For those who missed it, Zillow had a house flipping side business that was buying houses from people at high as shit prices, with the plan to drive up the price of neighborhoods even higher somehow. They since stopped and fired 25% of its workforce, at first saying it was the fault of the labor shortage, but later admitting to their house buying algorithm being too aggressive with house buying prices.
Meanwhile Redfin says they only have iBuying as a side business:
“This is a business that could scale to any size you want if you’re willing to overpay for houses,” said Kelman. “If you have to buy houses every day of the week in every type of market condition, you are just force-feeding yourself potentially toxic assets.”

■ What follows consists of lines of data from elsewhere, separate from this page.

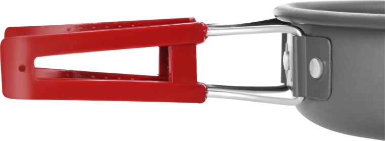 Praktisk håndtag med isoleret greb og metal-lås, der låses sikkert under madlavning og, når det foldes sammen, sparer værdifuld plads i rygsækken.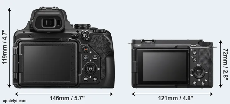The above size and weight comparisons are to some extent incomplete and possibly misleading, as the P1100 has a lens built in, whereas the ZV-E1 is an interchangeable lens camera that requires a separate lens. Attaching the latter will add extra weight and bulk to the setup. You can compare the optics available for the ZV-E1 and their specifications in the Sony FE Lens Catalog.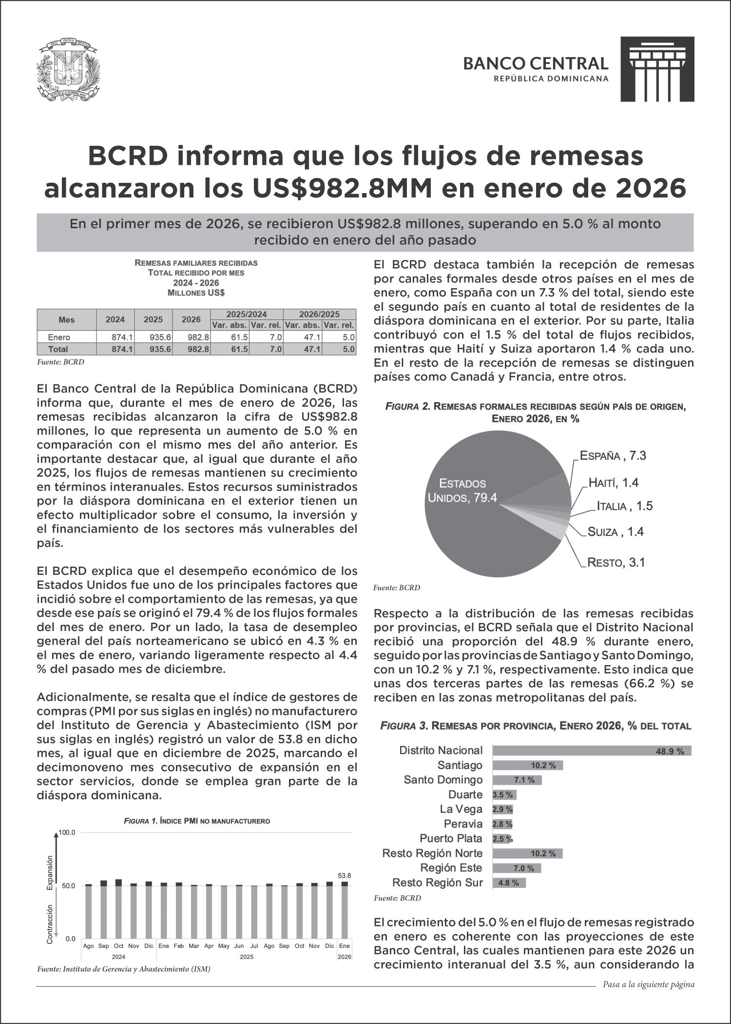 BC precisa que la cifra representa un aumento de 5.0 % en comparación con el mismo mes del año anterior. Desde EE. UU. se originó el 79.4 % de los envíos de la diáspora. P.21

In other words, iBuying algorithms are bad for Zillow's case, but are also untested in volatile real estate market conditions. At worst they could single-handedly cause a housing market collapse. Cool! But in the meantime, these companies will drive up the price for houses, and subsequently for renters too.
The real "innovation" they're making here is in keeping the house selling process easy, meaning no inspections of the home except to make sure no one is occupying it post-sale. Just another case of big tech petina painted over what is ultimately just a shittier way of doing business. Opendoor and the like will probably be fine for now though, I have no clue what will happen to the housing market anyways. Things could get fun though....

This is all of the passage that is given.